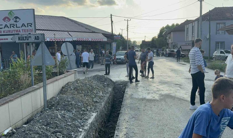 Düzce’de köyden geçen doğalgaz hattının kendi evlerine de ulaşmasını isteyen Bostanlık köyü sakinleri, yolu trafiğe kapatarak eylem yaptı.
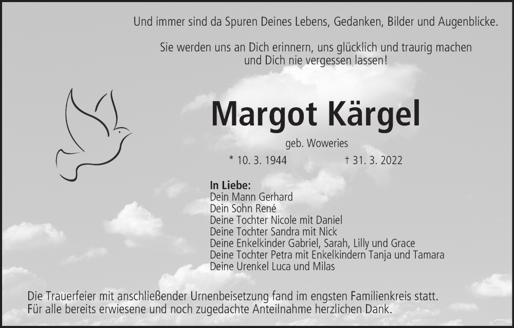 Hier finden Sie alle Traueranzeigen aus der Zeitung, die bisher für Margot Kärgel erschienen sind. Weitere Traueranzeigen, die in der Zeitung erscheinen, werden hier ebenfalls aufgelistet
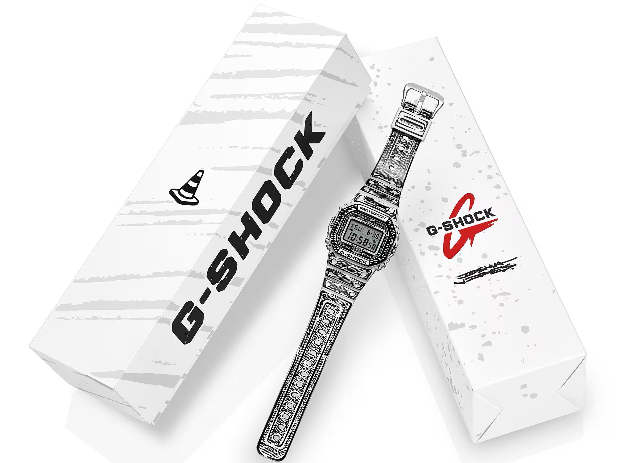 La DW-5600JV-7 presenta una base blanca nítida y brillante que contrasta con unos atrevidos gráficos negros. Este modelo enfatiza la sensación de dibujo a mano, creando una presencia llamativa que parece tinta húmeda sobre papel. Por otro lado, el DW-6900JV-1 presenta un sigiloso acabado negro mate con nítidas rayas blancas. Ambos relojes cuentan con etiquetas de funciones escritas a mano alrededor de la esfera, fondos de caja grabados a medida con la icónica firma del artista y un embalaje personalizado altamente coleccionable. Cuando se activa la retroiluminación LED, el motivo del cono de tráfico característico de Vides ilumina la pantalla.

■ Problem ■
Images in the data above are to be skipped. Retype all other material exactly.

■ Reply ■
 Düzce’de köyden geçen doğalgaz hattının kendi evlerine de ulaşmasını isteyen Bostanlık köyü sakinleri, yolu trafiğe kapatarak eylem yaptı.
 Hier finden Sie alle Traueranzeigen aus der Zeitung, die bisher für Margot Kärgel erschienen sind. Weitere Traueranzeigen, die in der Zeitung erscheinen, werden hier ebenfalls aufgelistet
 La DW-5600JV-7 presenta una base blanca nítida y brillante que contrasta con unos atrevidos gráficos negros. Este modelo enfatiza la sensación de dibujo a mano, creando una presencia llamativa que parece tinta húmeda sobre papel. Por otro lado, el DW-6900JV-1 presenta un sigiloso acabado negro mate con nítidas rayas blancas. Ambos relojes cuentan con etiquetas de funciones escritas a mano alrededor de la esfera, fondos de caja grabados a medida con la icónica firma del artista y un embalaje personalizado altamente coleccionable. Cuando se activa la retroiluminación LED, el motivo del cono de tráfico característico de Vides ilumina la pantalla.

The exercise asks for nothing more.